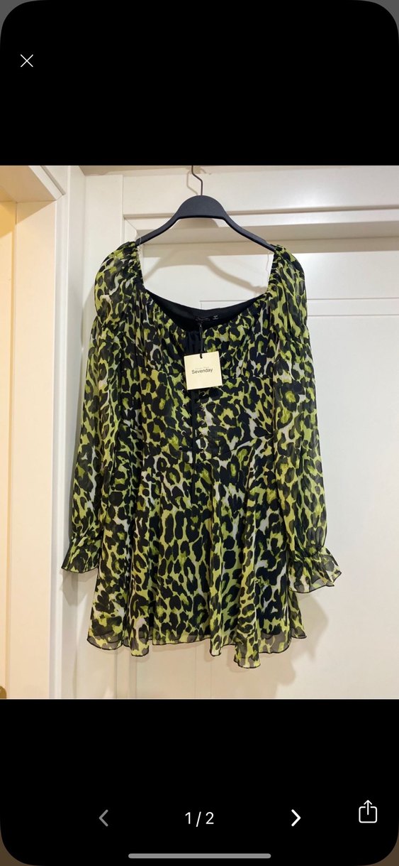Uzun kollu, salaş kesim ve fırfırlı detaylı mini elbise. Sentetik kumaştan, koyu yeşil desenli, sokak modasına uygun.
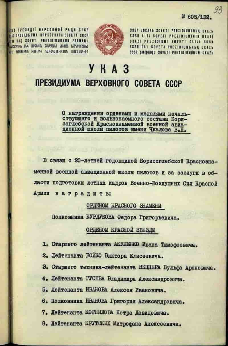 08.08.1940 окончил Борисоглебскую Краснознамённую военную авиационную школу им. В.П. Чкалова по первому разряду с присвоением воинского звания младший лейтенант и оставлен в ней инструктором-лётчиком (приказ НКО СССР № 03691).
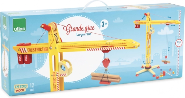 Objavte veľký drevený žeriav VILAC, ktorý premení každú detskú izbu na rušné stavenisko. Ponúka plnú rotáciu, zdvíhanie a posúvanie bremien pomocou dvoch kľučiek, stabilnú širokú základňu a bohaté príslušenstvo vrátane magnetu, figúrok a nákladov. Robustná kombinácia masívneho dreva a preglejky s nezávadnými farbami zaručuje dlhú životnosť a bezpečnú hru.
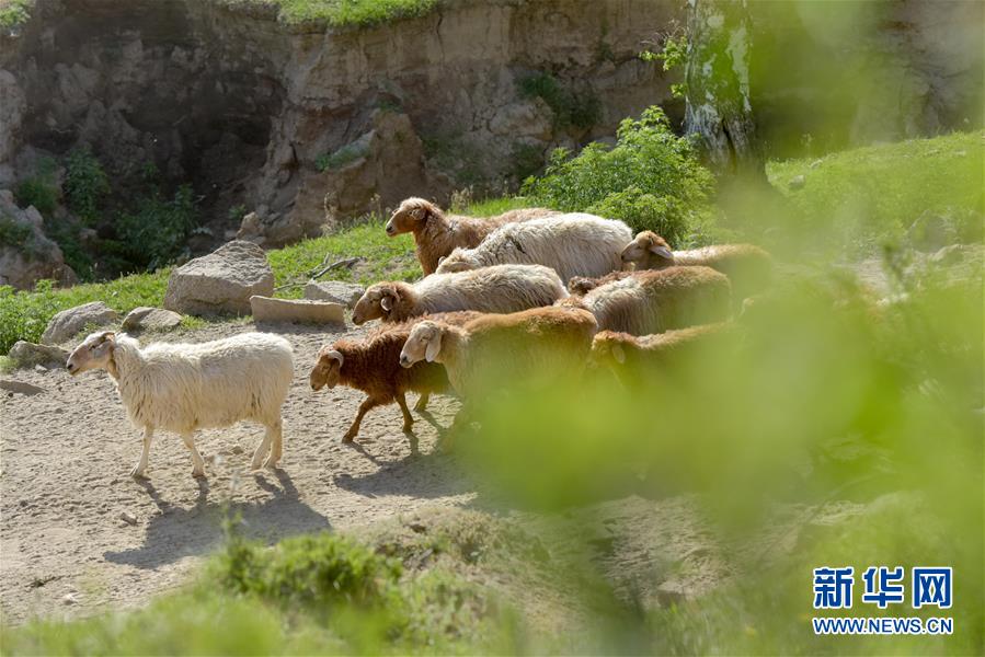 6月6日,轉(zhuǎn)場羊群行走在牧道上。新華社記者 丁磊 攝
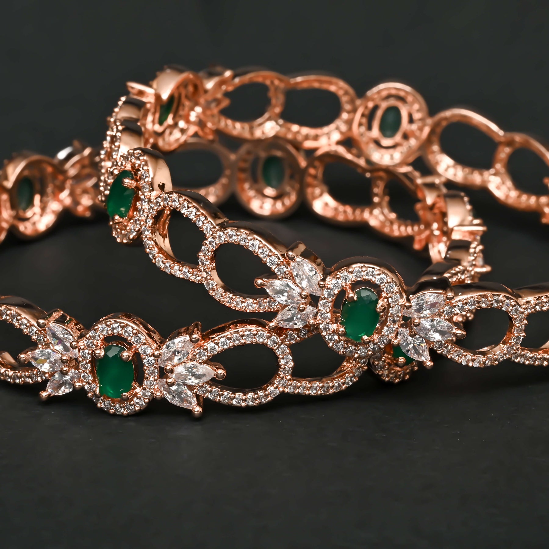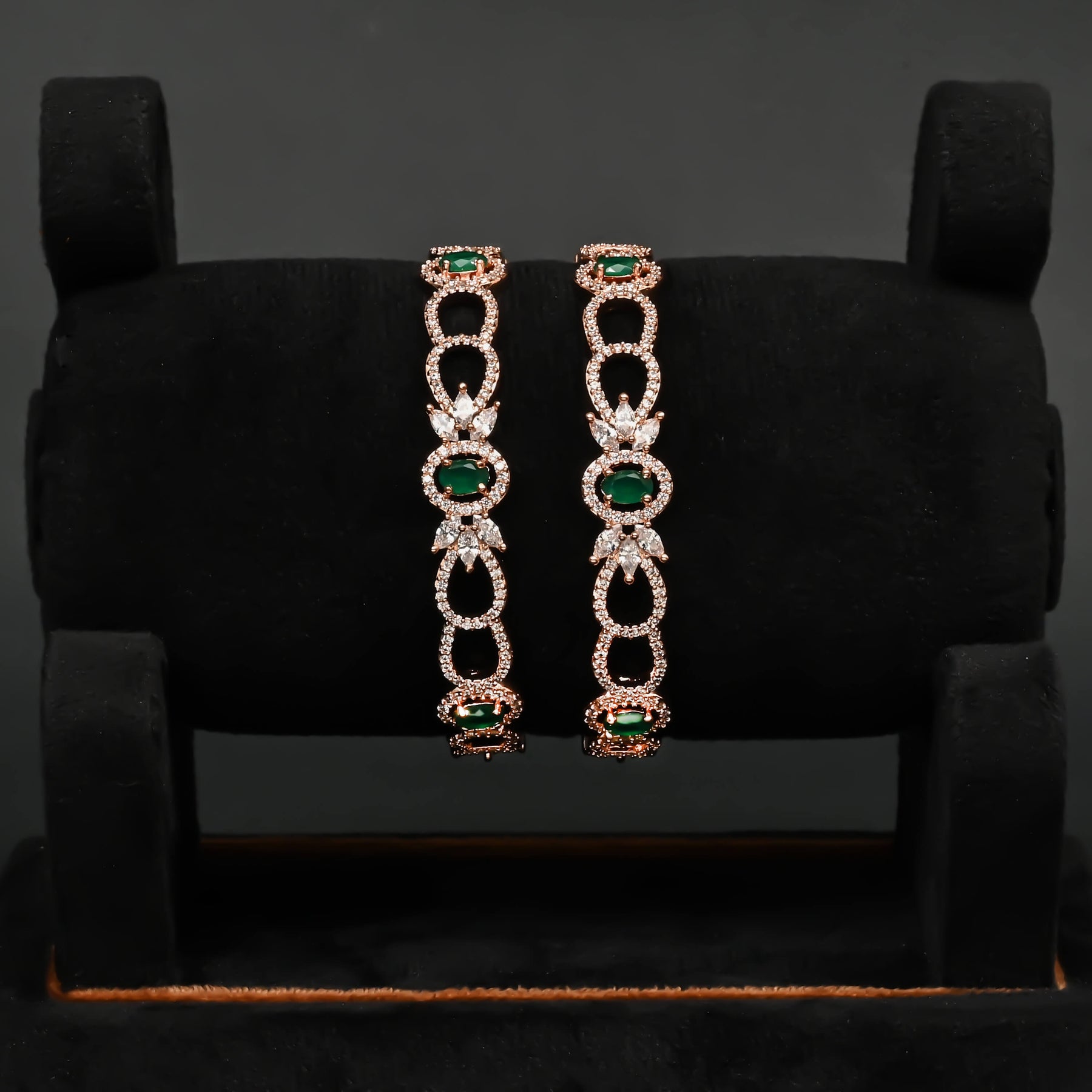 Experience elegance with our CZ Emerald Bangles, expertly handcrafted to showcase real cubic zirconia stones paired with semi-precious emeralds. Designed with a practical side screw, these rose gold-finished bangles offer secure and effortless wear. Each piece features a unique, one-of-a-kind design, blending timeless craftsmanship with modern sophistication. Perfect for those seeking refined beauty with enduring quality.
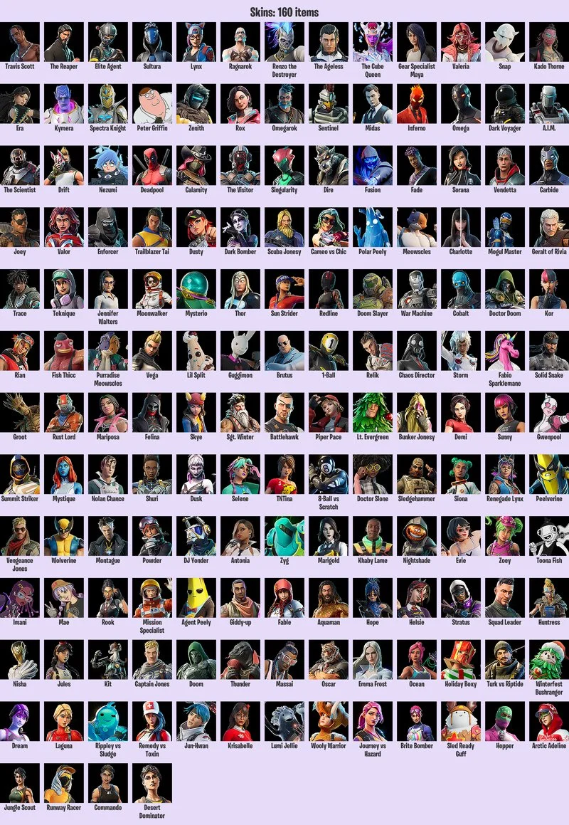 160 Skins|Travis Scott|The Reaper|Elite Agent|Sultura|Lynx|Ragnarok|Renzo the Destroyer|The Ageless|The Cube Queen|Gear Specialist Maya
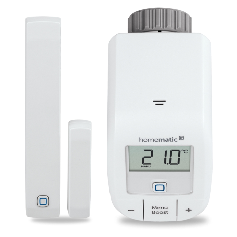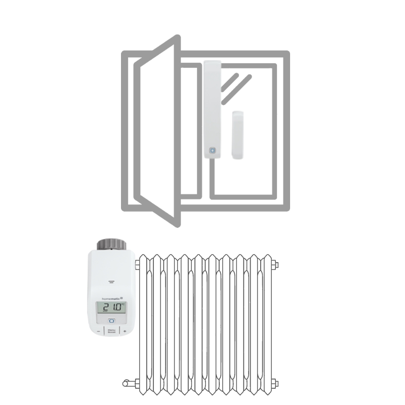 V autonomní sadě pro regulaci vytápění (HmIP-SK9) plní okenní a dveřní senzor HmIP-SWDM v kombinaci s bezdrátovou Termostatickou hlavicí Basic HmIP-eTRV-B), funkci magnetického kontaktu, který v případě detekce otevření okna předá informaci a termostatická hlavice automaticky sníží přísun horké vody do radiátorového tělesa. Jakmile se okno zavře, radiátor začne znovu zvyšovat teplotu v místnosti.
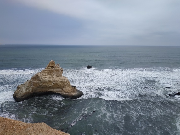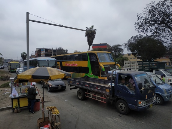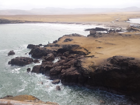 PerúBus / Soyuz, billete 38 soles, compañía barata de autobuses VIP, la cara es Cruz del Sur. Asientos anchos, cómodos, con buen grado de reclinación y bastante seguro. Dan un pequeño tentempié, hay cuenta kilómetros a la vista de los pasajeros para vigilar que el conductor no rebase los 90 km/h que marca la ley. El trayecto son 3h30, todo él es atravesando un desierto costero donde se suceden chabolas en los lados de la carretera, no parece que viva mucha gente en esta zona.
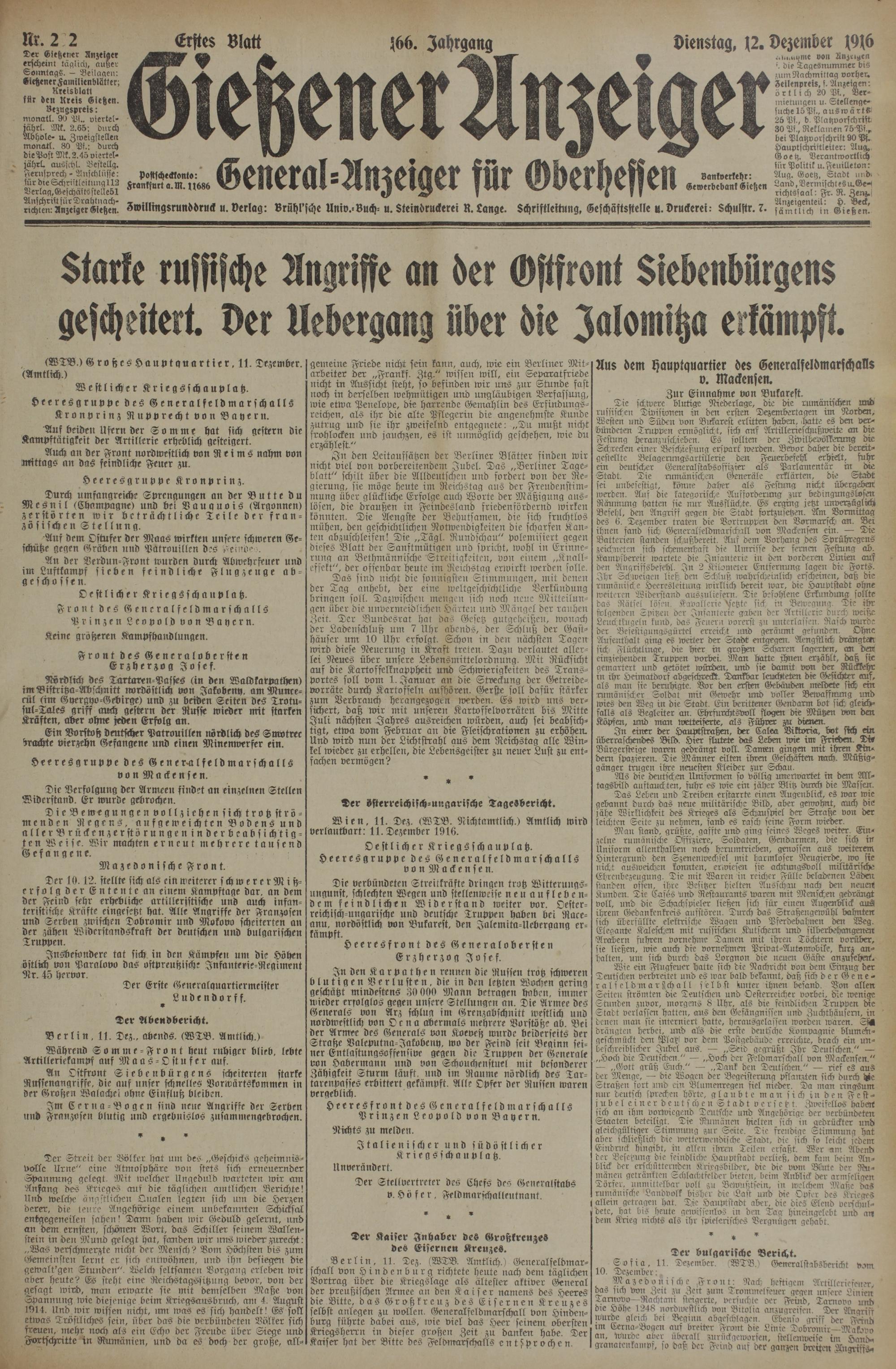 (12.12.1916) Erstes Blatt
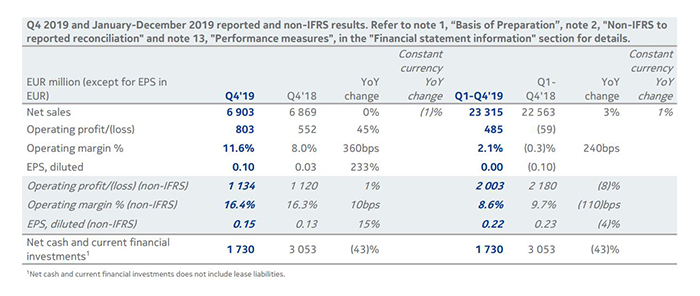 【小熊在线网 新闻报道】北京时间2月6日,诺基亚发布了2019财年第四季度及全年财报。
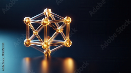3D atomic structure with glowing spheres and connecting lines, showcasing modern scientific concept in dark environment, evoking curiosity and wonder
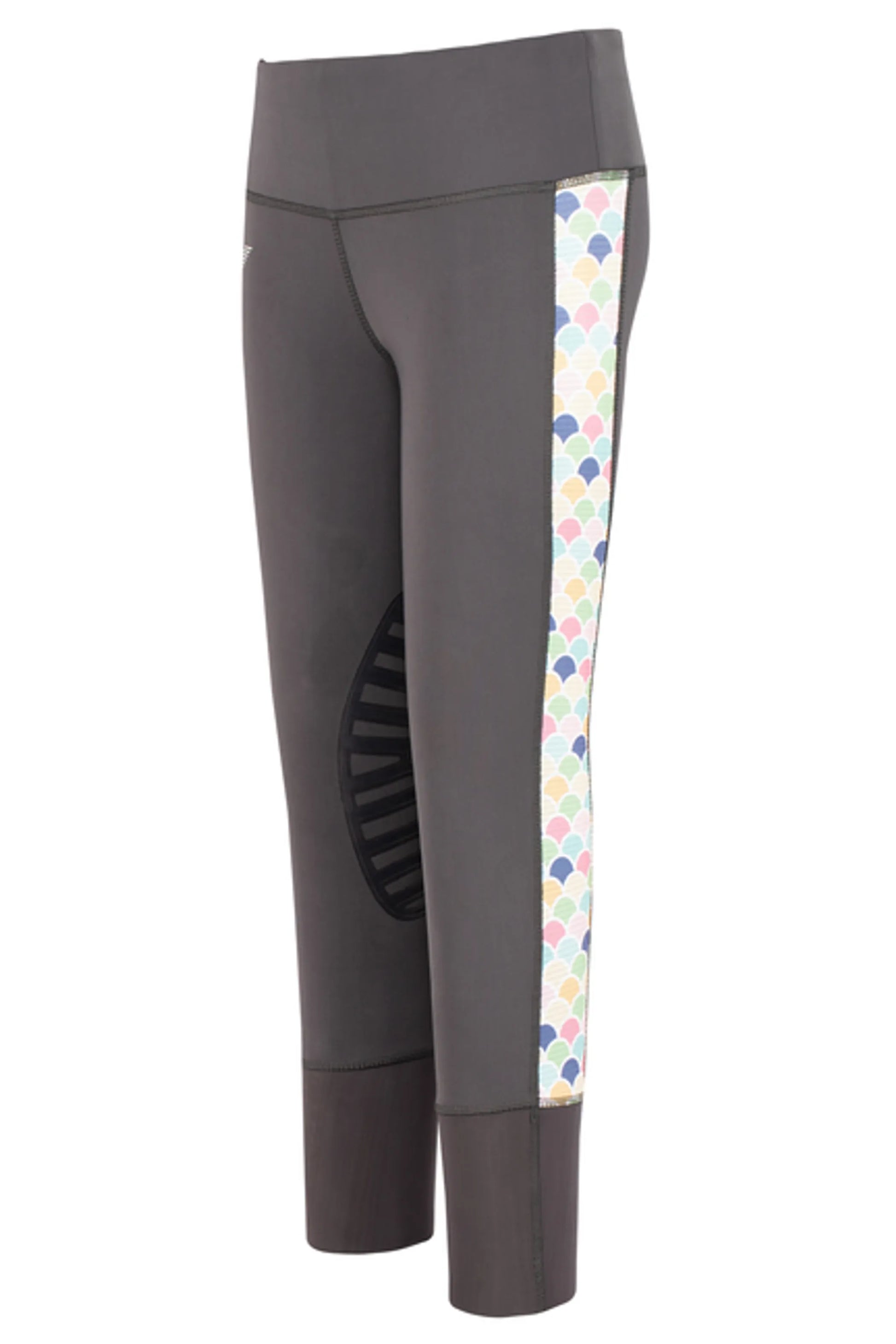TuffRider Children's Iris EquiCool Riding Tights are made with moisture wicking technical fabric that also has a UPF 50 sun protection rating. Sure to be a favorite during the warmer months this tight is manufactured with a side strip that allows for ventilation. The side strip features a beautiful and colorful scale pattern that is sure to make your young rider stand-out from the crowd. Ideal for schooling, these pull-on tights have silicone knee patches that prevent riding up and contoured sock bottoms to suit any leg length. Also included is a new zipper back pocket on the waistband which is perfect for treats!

-*-

Word for word, repeat the lines above from the one with "Objavte veľký drevený" through the one with "160 Skins|Travis Scott|The", and nothing beyond them. Omit the pictures.

 Objavte veľký drevený žeriav VILAC, ktorý premení každú detskú izbu na rušné stavenisko. Ponúka plnú rotáciu, zdvíhanie a posúvanie bremien pomocou dvoch kľučiek, stabilnú širokú základňu a bohaté príslušenstvo vrátane magnetu, figúrok a nákladov. Robustná kombinácia masívneho dreva a preglejky s nezávadnými farbami zaručuje dlhú životnosť a bezpečnú hru.
 6月6日,轉(zhuǎn)場羊群行走在牧道上。新華社記者 丁磊 攝
 Experience elegance with our CZ Emerald Bangles, expertly handcrafted to showcase real cubic zirconia stones paired with semi-precious emeralds. Designed with a practical side screw, these rose gold-finished bangles offer secure and effortless wear. Each piece features a unique, one-of-a-kind design, blending timeless craftsmanship with modern sophistication. Perfect for those seeking refined beauty with enduring quality.
 160 Skins|Travis Scott|The Reaper|Elite Agent|Sultura|Lynx|Ragnarok|Renzo the Destroyer|The Ageless|The Cube Queen|Gear Specialist Maya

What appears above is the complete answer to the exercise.